# Forum Home Renovation Tools & Products  Anybody used Aldi (Taurus) circular saw?

## curiousbee

Hi all. Aldi was selling this circular saw (Taurus brand) recently and I got one. My use is really very few and occassional and so I thought, how bad can it be? Also picked up there pack of 3 spare blades. 
Last weekend opened it up to try and cut a piece of timber/shelf more for testing the machine. It looked fine when I started. I wanted to try with a different blade with more teeth for a finer cut and changed the blade. Once changed, the thing wont cut any more. As it touches the timber, the blade stops.  
As far as I can make out, the lock nut is not tightening enough and hence the blade is loose. the minimal resistance from the timber is stopping it. I wondered whether the blade is bad/uneven and causing problem, so I changed back to the original blade. Now I cant cut with that either. 
Am I making any mistake or are the aldi circular saws are problematic?

----------


## Bedford

Is there a bush on the shaft that centers the blade? 
If so, is it centered properly as this could be stopping the nut clamping tight.

----------


## curiousbee

> Is there a bush on the shaft that centers the blade? 
> If so, is it centered properly as this could be stopping the nut clamping tight.
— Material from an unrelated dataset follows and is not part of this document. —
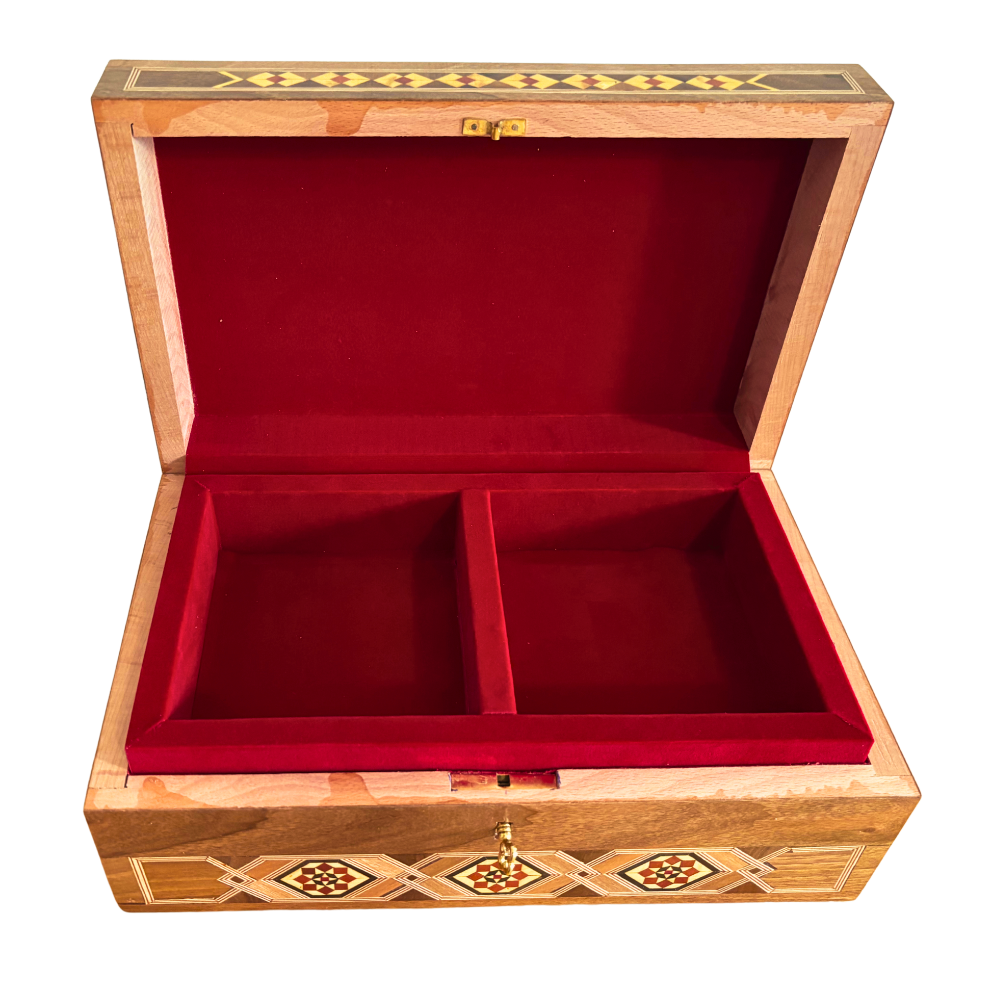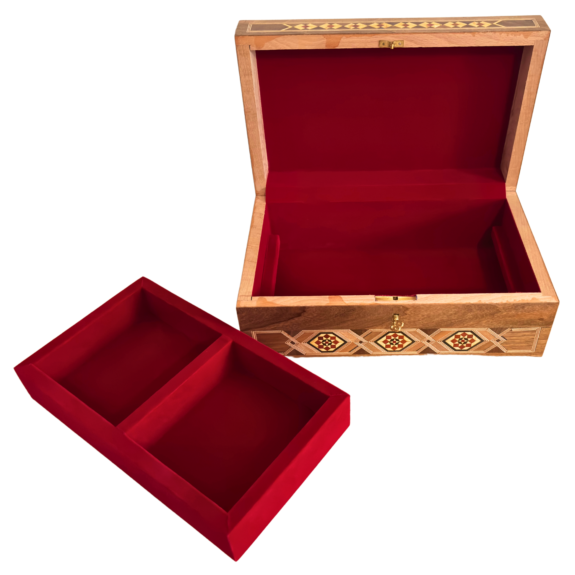 Bu büyük, el yapımı Damask mozaik kutu gerçek bir sanat eseridir. İnce gül, okaliptüs, kayın, ceviz, limon ve sarı çam ağacından özenle üretilmiş olup, yüzyıllık tekniklerle işlenmiş sedef kakmalı ve zarif geometrik desenlerle süslenmiştir. Çok katlı iç yapısı, takılarınız, saatleriniz, değerli hatıralarınız ve küçük hazineleriniz için şık ve güvenli bir saklama alanı sunar ve klasik kilit ve anahtarla güvenle korunur.

  No bush. I was thinking of putting in a bush and trying as last resort. May be I will try it this evening.

----------


## Bloss

Aldi gear is mostly great quality (for the price). Almost certainly you have not mounted the blade correctly. I haven't looked at this one, but it sounds like the blade is not sitting correctly over a flange or you might have reversed the washer under blade bolt - or both. Look carefully at the instruction sheet and make sure the blade is fitted exactly as it should be. It is unlikely to have a separate bush - but the centre hole is usually positioned by a flange on the motor side and then simply a heavy friction washer (sometimes also with a flange) under the bolt on the outside of the blade. Also ensure the teeth are facing the correct way for direction of rotation - they will be facing up at the front ie: when you look at the blade from the side it is fitted the rotation is anticlockwise.

----------


## curiousbee

> Aldi gear is mostly great quality (for the price). Almost certainly you have not mounted the blade correctly. I haven't looked at this one, but it sounds like the blade is not sitting correctly over a flange or you might have reversed the washer under blade bolt - or both. Look carefully at the instruction sheet and make sure the blade is fitted exactly as it should be. It is unlikely to have a separate bush - but the centre hole is usually positioned by a flange on the motor side and then simply a heavy friction washer (sometimes also with a flange) under the bolt on the outside of the blade. Also ensure the teeth are facing the correct way for direction of rotation - they will be facing up at the front ie: when you look at the blade from the side it is fitted the rotation is anticlockwise.

  Better late than never. Took a long time to respond as I didnt get time to get into my shed for a long time. 
You were right. I had turned the washer. Interestingly, it worked with the reversed washer for the original blade but not the new ones. On closer look I realise that the new set of blades are slightly thinner than the original and hence in the reversed position (where groove is not cut on the washer to sit on the flange) not getting the friction as a gap remains. 
Anyway, the problem is solved. Thanks mate.

----------


## Bloss

Good result!  :2thumbsup:

----------